*Items from a dataset*:
# # # # # # #

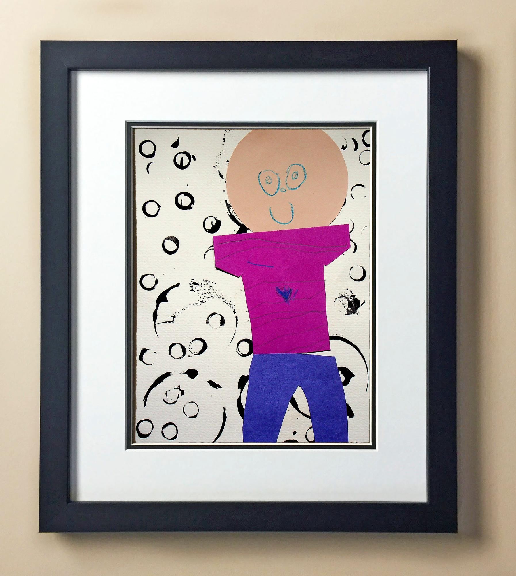 Included with the purchase is the Students Artwork, Frame, double matboard, shatter proof plexiglass, and a ready to hang backerboard with turnbuttons
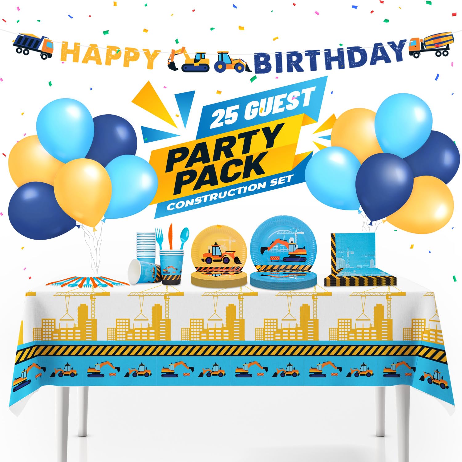 - Q: What items are included in the Construction Birthday Party Supplies Set? A: The Construction Birthday Party Supplies Set includes 25 dinner and dessert plates, cups, utensils, napkins, a tablecloth measuring 54x104 inches, and a banner, providing everything you need for an exciting construction-themed birthday celebration.
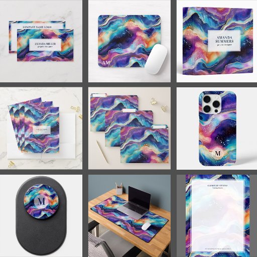 Aestetisk, färgstark regnbåge glitter agate struktur, modern abstrakt design. Anpassadets mörk blått typografi.
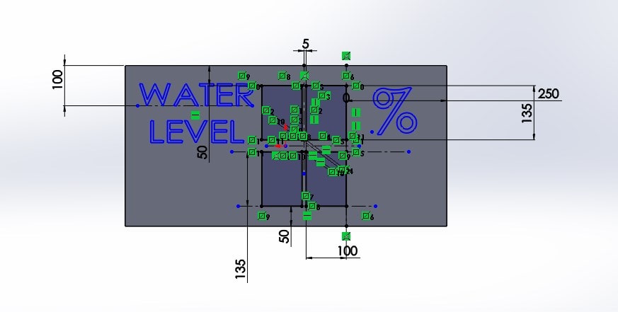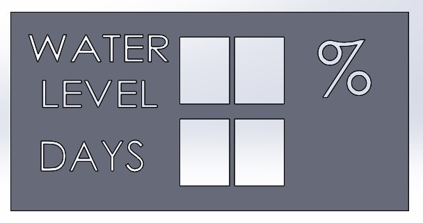 C.Use Mirror Entities command to create three more same shapes.once more use text tool and write Water Level and days on front plane box
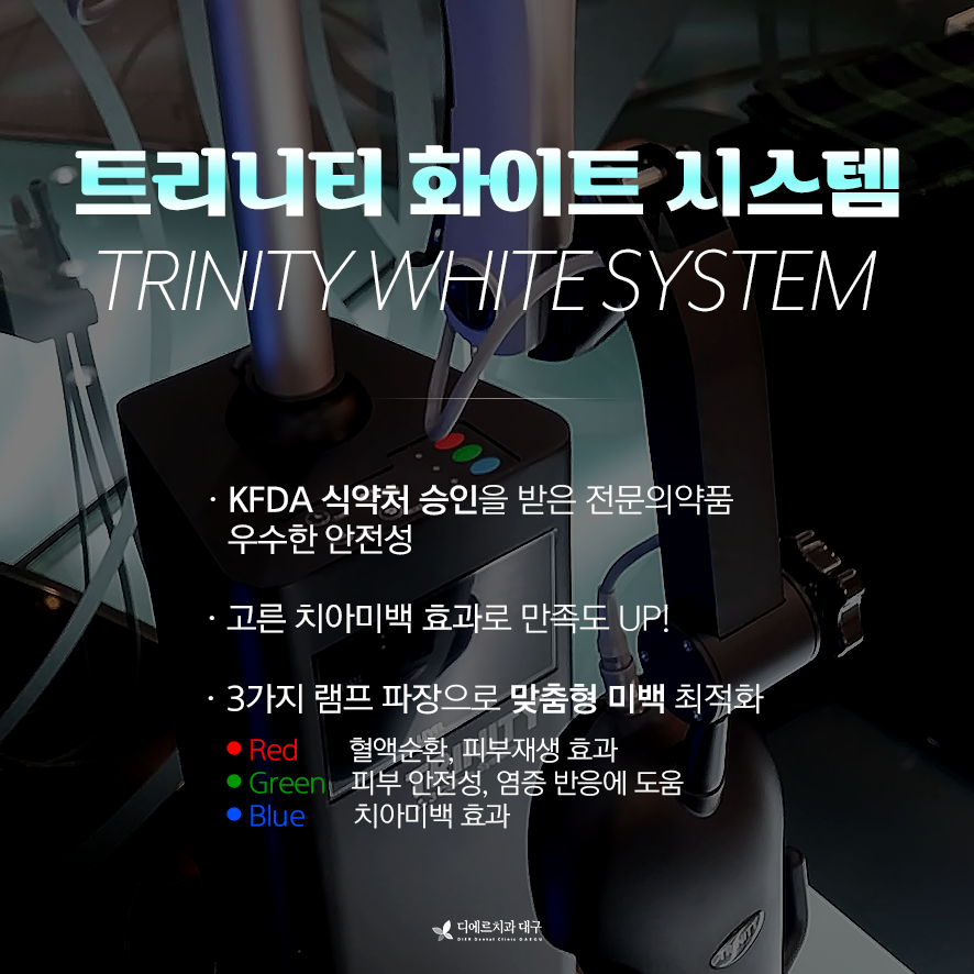 디에르치과는 식약처에서 인증받은 트리니티 화이트 시스템을 이용 합니다.

# # # # # # #

*WHAT IS EXPECTED*: Set down only the lines from the one with "C.Use Mirror Entities" through the end of the entries, exactly as they appear, leaving out each picture.

*REPLY*:
 C.Use Mirror Entities command to create three more same shapes.once more use text tool and write Water Level and days on front plane box
 디에르치과는 식약처에서 인증받은 트리니티 화이트 시스템을 이용 합니다.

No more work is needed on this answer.